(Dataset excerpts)
=-=-=

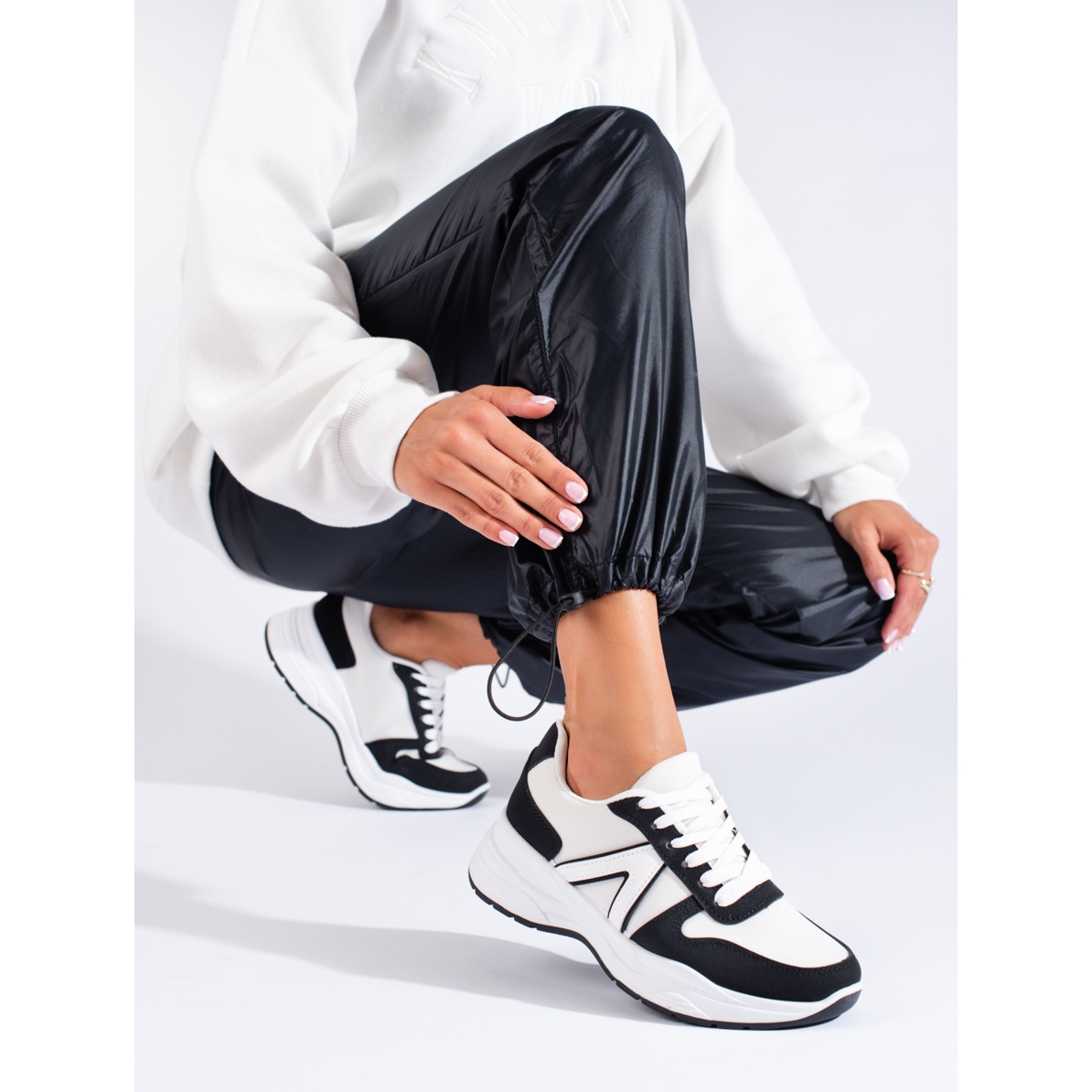 La fermeture à lacets permet un ajustement parfait au pied, ce qui augmente le confort d'utilisation. La doublure intérieure est en tissu, ce qui offre une douceur et un confort supplémentaires lors d'un port prolongé. Les chaussures Shelovet sont disponibles dans des couleurs à la mode - une combinaison de blanc et de noir, ce qui les rend parfaitement adaptées à de nombreux styles décontractés et sportifs.
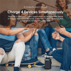 There are 3 USB outputs and 1 Type-C output which can be shared with friends or charge 4 devices at the same time. It is with 2 Type-C inputs allow you to recharge this power bank quickly.
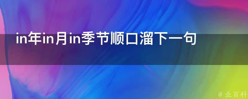 in年in月in季节顺口溜下一句:in早in晚in世纪,on上on下on具体,外加日期和星期,at点at刻at年龄,反反复复记心里。in、on、at表示时间的时候,可以以顺口溜的方式记忆。
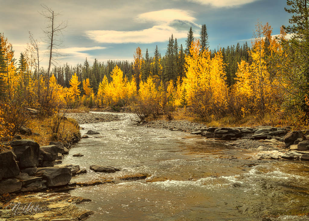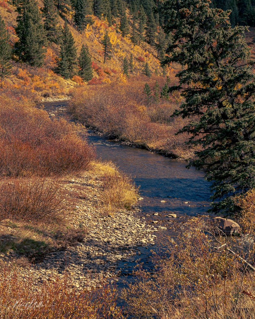 There was no difficulty finding Fall colors, although in Alberta, the colors consist of mainly yellow and orange. Occasionally one finds patches of red brush to add a bit more color, but we certainly don’t get the range of rich colors experienced on the East coast.
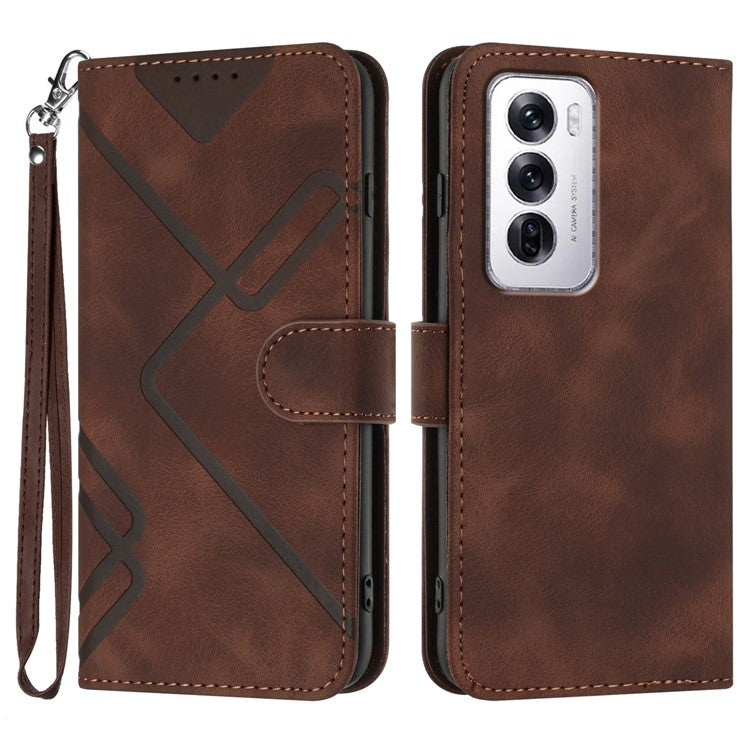 YX0040 For Oppo Reno12 5G (Global) / Reno12 Pro 5G (Global) Leather Case Geometry Phone Cover - Coffee

=-=-=

■ **DIRECTIONS FOR THIS TASK**: Transcribe the records above exactly, skipping pictures.

■ **SOLUTION TO THE EXERCISE**:
 La fermeture à lacets permet un ajustement parfait au pied, ce qui augmente le confort d'utilisation. La doublure intérieure est en tissu, ce qui offre une douceur et un confort supplémentaires lors d'un port prolongé. Les chaussures Shelovet sont disponibles dans des couleurs à la mode - une combinaison de blanc et de noir, ce qui les rend parfaitement adaptées à de nombreux styles décontractés et sportifs.
 There are 3 USB outputs and 1 Type-C output which can be shared with friends or charge 4 devices at the same time. It is with 2 Type-C inputs allow you to recharge this power bank quickly.
 in年in月in季节顺口溜下一句:in早in晚in世纪,on上on下on具体,外加日期和星期,at点at刻at年龄,反反复复记心里。in、on、at表示时间的时候,可以以顺口溜的方式记忆。
 There was no difficulty finding Fall colors, although in Alberta, the colors consist of mainly yellow and orange. Occasionally one finds patches of red brush to add a bit more color, but we certainly don’t get the range of rich colors experienced on the East coast.
 YX0040 For Oppo Reno12 5G (Global) / Reno12 Pro 5G (Global) Leather Case Geometry Phone Cover - Coffee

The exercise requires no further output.